また、上澄み液に２倍量のエタノールを加え、遠心分離し、沈殿を凍結乾燥して、血栓溶解酵素粉末を製造し、血栓溶解酵素の活性を測定して、その結果を収率と共に下記の表６に示した。

表６に示すように、カルシウム（ＣａＣｌ_２）処理したおから抽出物の血清溶解酵素の活性が非常に高いと確認された。これを通じて、ＧＤＮ菌株のおから発酵物に重量に比べて、３倍量の水を加えて均質化し、そこに最終濃度が０．１ＭになるようにＣａＣｌ_２粉末を加え、３０分間静置すれば、おからから由来した固形分が凝集して容易に沈殿で除去され、血栓溶解酵素は、清い上澄み液に残るので、簡単な操作によっても、血栓溶解酵素の精製が高収率でなされるという事実を確認することができた。

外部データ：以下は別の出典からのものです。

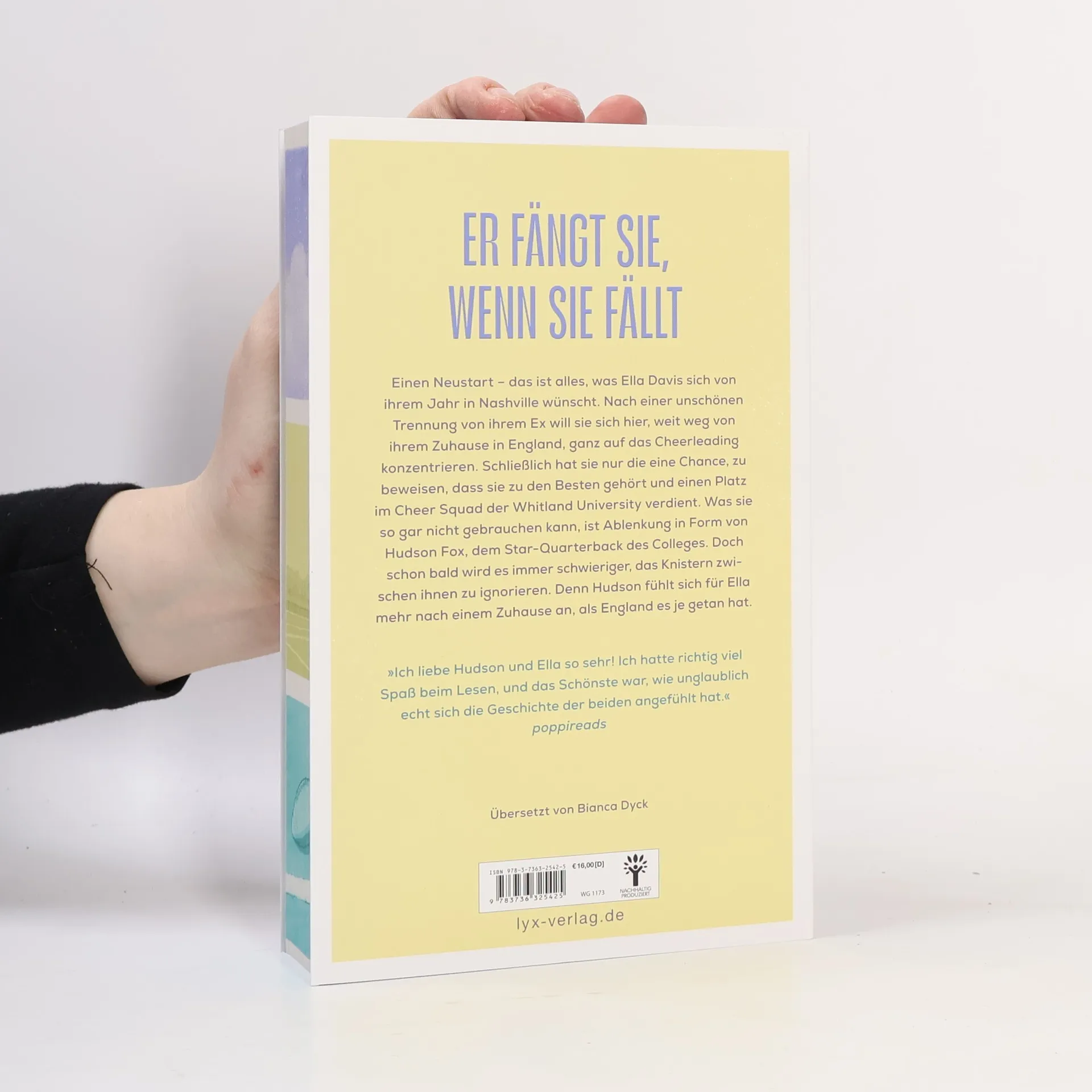 »Die perfekte Kombination: heiß und humorvoll!« Hannah Grace Einen Neustart. Das ist alles, was die Cheerleaderin Ella Davis sich von ihrem Jahr in Nashville wünscht. Nach der unschönen Trennung von ihrem Ex will sie sich hier, weit weg von ihrem Zuhause in England, ganz auf das Cheerleading konzentrieren. Schließlich hat sie nur eine Chance, zu beweisen, dass sie zu den Besten gehört und einen Platz im Team verdient. Was sie so gar nicht brauchen kann, ist Ablenkung. Vor allem nicht in Form von Hudson Fox, dem Star-Quarterback des Colleges. Doch sie sehen sich ständig beim Training, und schon bald wird es immer schwieriger, das Knistern zwischen ihnen zu ignorieren. Denn Hudson fühlt sich für Ella mehr nach Zuhause an, als England es je getan hat. Sports-Romance von Ki Stephens bei LYX

本発明によるバチルス・サブチリスＧＤＮ菌株は、血栓溶解酵素の生産能が顕著に高く、血栓溶解を目的とした多様な食品製造に活用されうる。

寄託機関名：韓国生命工学研究院韓国微生物資源センター（ＫＣＴＣ）
受託番号：ＫＣＴＣ１３０２０ＢＰ
受託日：２０１６０５０３

（受託証）

Claims (4)

1. 配列番号１の１６ｓＲＮＡを含み、血栓溶解酵素を高生産するバチルス・サブチリスＧＤＮ菌株（Ｂａｃｉｌｌｕｓ ｓｕｂｔｉｌｉｓ ＧＤＮ、受託番号ＫＣＴＣ１３０２０ＢＰ）を用いて発酵させたおから発酵物であって、３４００〜４３００ｆｉｂｒｉｎｏｌｙｔｉｃ ｕｎｉｔ／ｇの血栓溶解酵素の活性を示すおから発酵物。
2. 前記おから発酵物に含まれる前記血栓溶解酵素が納豆キナーゼである、請求項１に記載のおから発酵物。
3. 請求項１に記載のおから発酵物を含む食品組成物。
4. 請求項１に記載のおから発酵物を用いる段階を含む、血栓溶解酵素の製造方法。